(Saved entries)
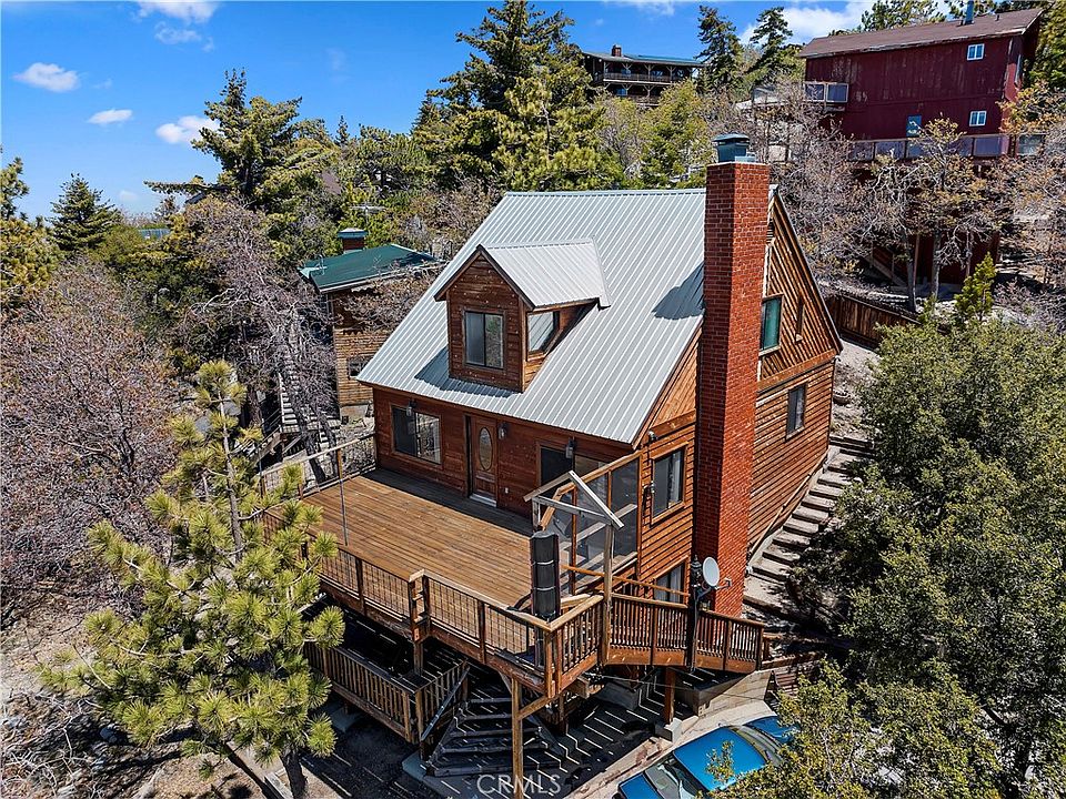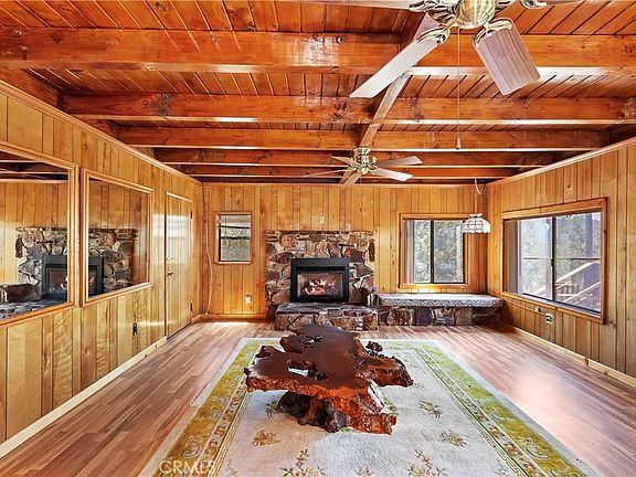 This Mountain Cabin is located in Green Valley Lake which is referred to as the ' HIDDEN GEM" of the San Bernardino Mountains and is a higher resort community that is surrounded by National Forest with views of the City Lights, Saddleback Mountain, Desert and forest. The main level features the living room with big picture windows, ceiling fans, stone fireplace for those cold snowy winter days, laminate flooring, remodeled galley kitchen with granite counter tops, newer appliances, pantry, plenty of cabinets, dining area, laundry room with a back door, bedroom with closets and a full bathroom. The upper level is the En-Suite bedroom with dual closets, lots of windows, full bathroom, office with views of Lake Arrowhead and plenty of storage room. The lower level has it's own entry, lower deck, family room, fireplace, 3/4 bathroom, work shop, storage room and built-in book shelves. Has a large upper deck where you can sit and enjoy the sunsets or simply take in the serenity and clam beauty of a quiet forested community and is perfect for relaxing and entertaining family and friends. Has a newer tank less water heater, generator, nice side yard with plenty of parking. Green Valley Lake is a four season resort community and has plenty to do all year round. There is hiking, biking, swimming, fishing, boating, a volleyball court next to the lake and a campground at the end of the road, close to the ski resorts of Snow Valley and Big bear. Walkable to the lake marina and the village
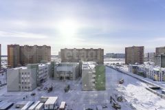 Расположение в современном районе МЖК, рядом с ТРЦ "Остров". В шаговой доступности — школы, детсады, магазины.
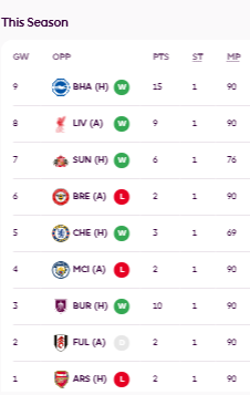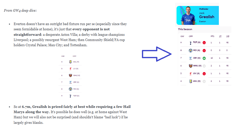 Another thesis that came true: We earlier warned against buying Grealish given the tough games at GW4-9, true enough, he blanked in every week except when he "scored" because a defender cleared off his back.
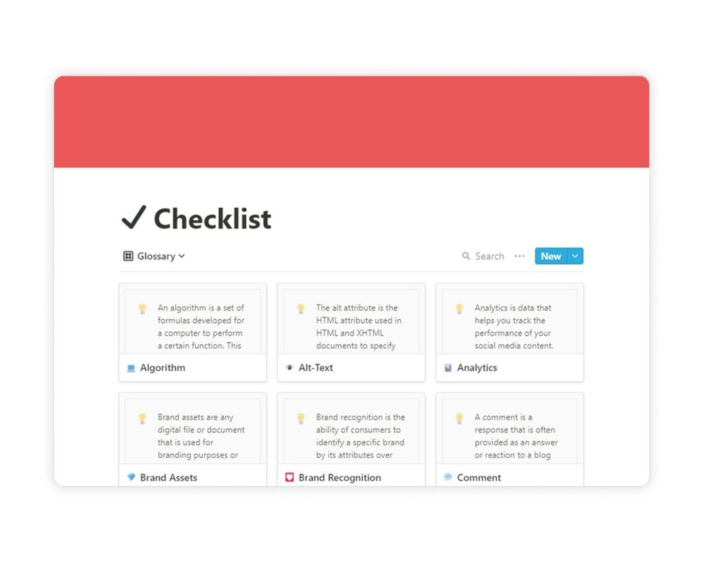 To add extra value to you, I’ve included a list of post ideas & a dedicated anti-marketing-jargon glossary page in the checklist section 😉
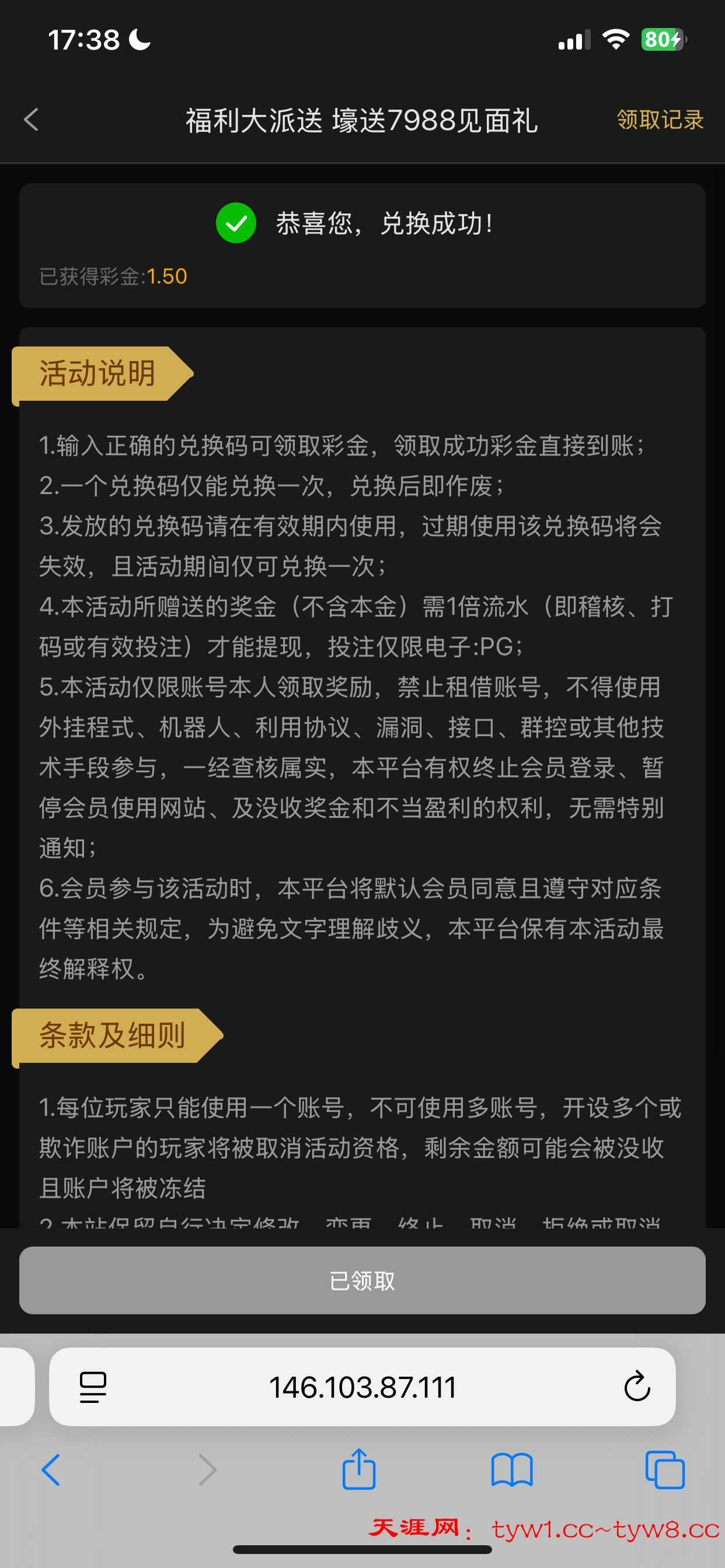 兑换码vip1 vip2 说着给8-188其实就1块多赌神上,兑换不了就是黄了,勿充值,同实名只能领一次 www.7988.com
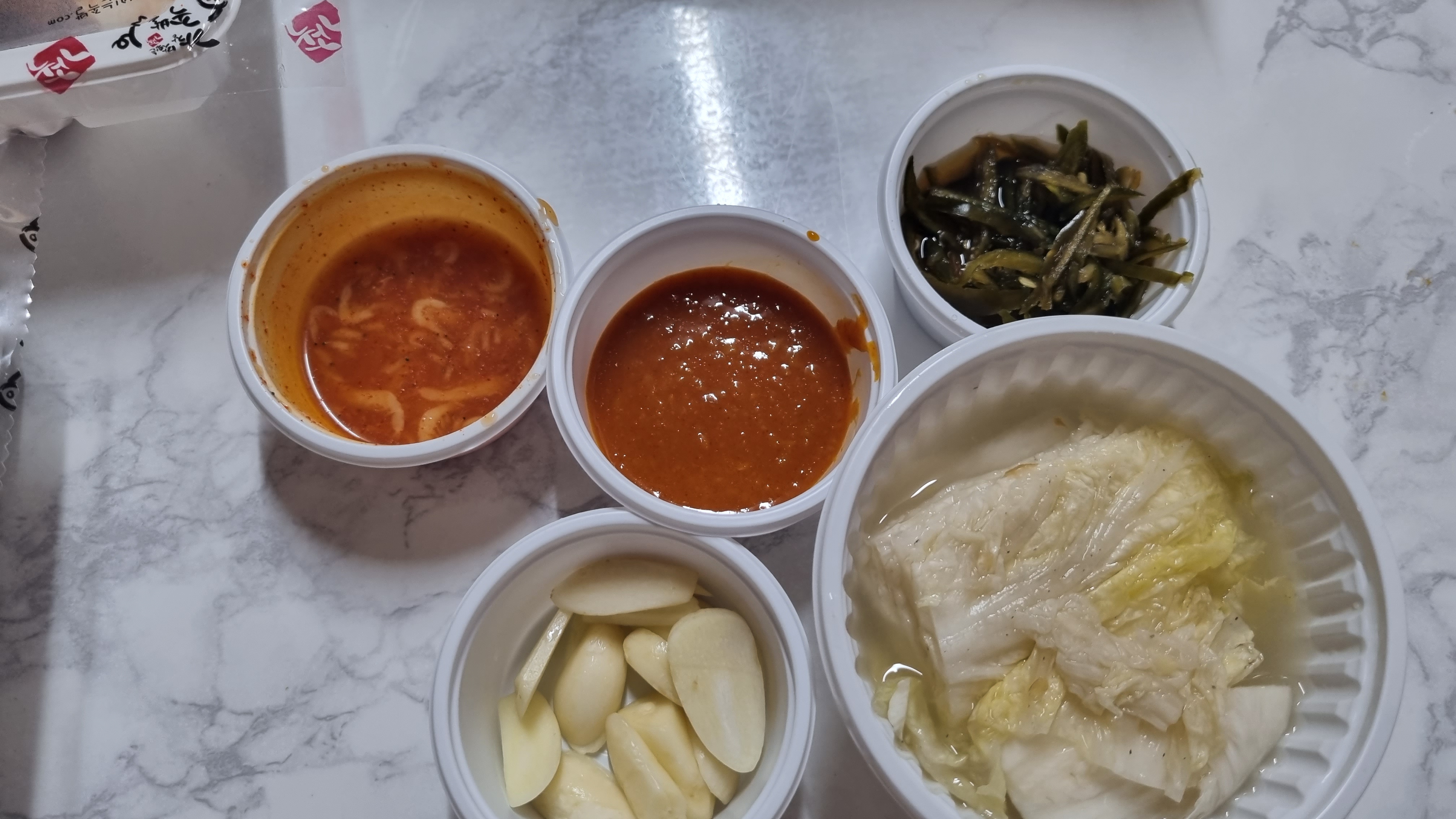 기본반찬은 상추와 부추, 김치와 양념들이 충분히 나와 먹는데 충분합니다.

* **Exercise goal**
Leave every picture out and retype exactly the lines of the records above from the one holding "兑换码vip1 vip2 说着给8-188其实就1块多赌神上,兑换不了就是黄了,勿充值,同实名只能领一次" through the last, both ends included and nothing besides.

* **Answer box**
 兑换码vip1 vip2 说着给8-188其实就1块多赌神上,兑换不了就是黄了,勿充值,同实名只能领一次 www.7988.com
 기본반찬은 상추와 부추, 김치와 양념들이 충분히 나와 먹는데 충분합니다.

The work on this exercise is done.